B. Lecture des séries Moires et DSL à partir du Détail de Daniel Arasse : qui fait le détail ?

1) Le détail et le regardeur

Lorsqu'un artiste propose au vu et su de tous l'objet de sa création, on peut dire que, parce qu'il y a appropriation par le regard et de ce fait, par une pensée autre que la sienne, alors d'une certaine manière, cette création ne lui appartient plus complètement. L'objet d'art n'est pas une simple entité matérielle, il relève d'un champ de force provoqué par la disposition du lieu dans lequel il se trouve et par le cheminement physique et intellectuel des regardeurs. Les objets photographiques d'Eric Rondepierre appellent à être regardés, et dans cet échange perceptif, les regardeurs peuvent être tantôt épris par l'ébranlement d'une commotion, tantôt être remplis par la familiarité d'un souvenir indistinct. La photographie est la manifestation d'une forme, d'une représentation qui suscite du sens pour la personne qui la scrute. Elle incite à faire appel à notre imagination, à notre sensibilité, à notre expérience, à une mémoire visuelle. Elle peut occasionner la réminiscence d'un répertoire d'images qui nous est personnel. Pour étayer ce propos, nous pouvons nous référer à Roland Barthes qui, dans La Chambre claire, propose deux formulations dans le but de circonscrire le double intérêt qui le saisit lorsqu'il observe une photographie :

« […] C'est par le studium que je m'intéresse à beaucoup de photographies, soit que je les reçoive comme des témoignages politiques, soit que je les goûte comme de bons tableaux historiques : car c'est culturellement (cette connotation est présente dans le studium) que je participe aux figures, aux mines, aux décors, aux actions.

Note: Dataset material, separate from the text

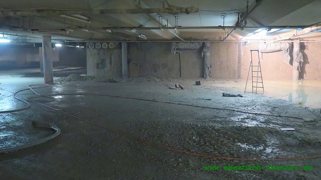 Im März gab die Verwaltung in einer öffentlichen Gemeinderatssitzung bekannt, dass bei den Strahlarbeiten mit einem Hochdruckgerät die Betondecken löchrig und instabil geworden seien, weshalb in Einzelabschnitten eingeschalt und aufbetoniert werden müsse. Aktuell ist die Tiefgarage kaum wiederzuerkennen (siehe Fotos). Jede Menge Stahlsprieße sind für die Deckenabstützungen im Einsatz, Belüftungs- und Wasserabsaugeinrichtungen sind in Betrieb, die komplette Technik wurde abgebaut oder provisorisch abgehängt, um die Betondecken zugänglich zu machen. Das bei den Strahlarbeiten verwendete Wasser wird abgesaugt und oberirdisch maschinell gereinigt, bevor es in die Kanalisation kommt. Bauschutt wird mit Radladern aus den unterirdischen Geschossen gefahren und entsorgt. Manfred Schüssler vom Eberbacher Stadtbauamt lobt die Arbeitsausführung durch die beauftragte Firma AZ Bautenschutz aus Ludwigsburg, die auch samstags arbeite. Man liege aktuell etwa vier Wochen hinter dem geplanten Zeitfenster, so Schüssler. In vier Bauabschnitten werden Teile der Betondecken im ersten Untergeschoss teils unter Einsatz einer leistungsstarken Hochdruck-Schneidemaschine ausgeschnitten, neu verschalt, mit frischem Stahl bewehrt und betoniert. Um die Stabilität des kompletten Bauwerks zu gewährleisten, mussten nach Berechnungen eines Statikers Verstärkungen und Abstützungen eingebaut werden. Um eine erneute Schädigung des Betons in den kommenden Jahren zu verhindern, soll eine Schutzschicht aufgebracht werden. Außerdem werden neue farbliche Fahrbahnmarkierungen und Parkplatzeinteilungen vorgenommen.

Le second élément vient casser (ou scander) le studium. Cette fois, ce n'est pas moi qui vais le chercher (comme j'investis de ma conscience souveraine le champ du studium), c'est lui qui part de la scène, comme une flèche, et vient me percer. Un mot existe en latin pour désigner cette blessure, cette piqûre, cette marque faite par un instrument pointu ; ce mot m'irait d'autant mieux qu'il renvoie aussi à l'idée de ponctuation et que les photos dont je parle sont en effet comme ponctuées, parfois même mouchetées, de ces points sensibles […]. Ce second élément qui vient déranger le

studium, je l'appellerai donc punctum ; car punctum, c'est aussi : piqûre, petit trou, petite tache, petite

coupure – et aussi coup de dés. Le punctum d'une photo, c'est ce hasard qui, en elle, me point (mais aussi me meurtrit, me poigne) »132.

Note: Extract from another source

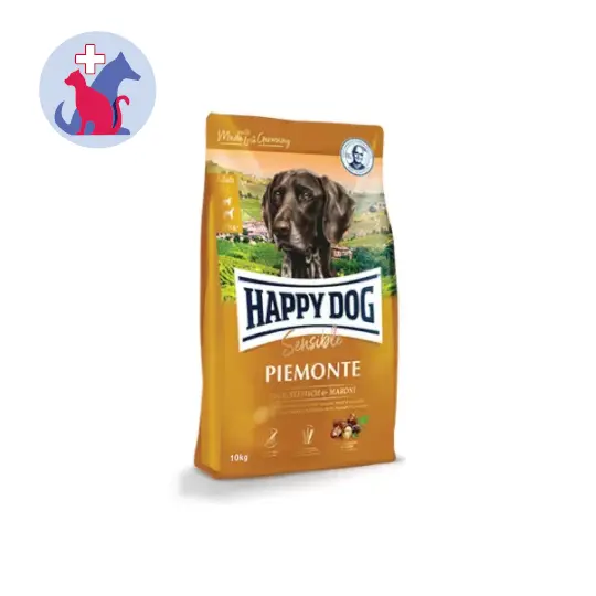 HAPPY DOG SUPREME SENSIBLE PIEMONTE GRAINFREE merupakan makanan anjing ras medium dan besar. Produk ini mengandung Chesnut Italia dengan daging bebek dan ikan laut berkualitas tinggi, serta tidak mengandung kentang. Produk ini juga bebas biji-bijian dan bebas gluten.

En ce sens, c'est le regardeur qui actionne sa vision et, dans sa confrontation perceptive, il en vient à faire le détail. Tout compte fait, c'est une lecture visuelle solitaire à l'instar d'une lecture littéraire personnelle. Roland Barthes souligne d'ailleurs cette dimension en exemplifiant « le régime de la spectatio » comme étant à l'image de la Devotio moderna :

« […] Vers la fin du Moyen Age, certains croyants substituèrent à la lecture ou à la prière collective, une lecture, une prière individuelle, basse, intériorisée, méditative (devotio moderna). Tel est, me semble-t-il, le régime de la spectatio. La lecture des photographies publiques est toujours, au fond, une lecture privée »133.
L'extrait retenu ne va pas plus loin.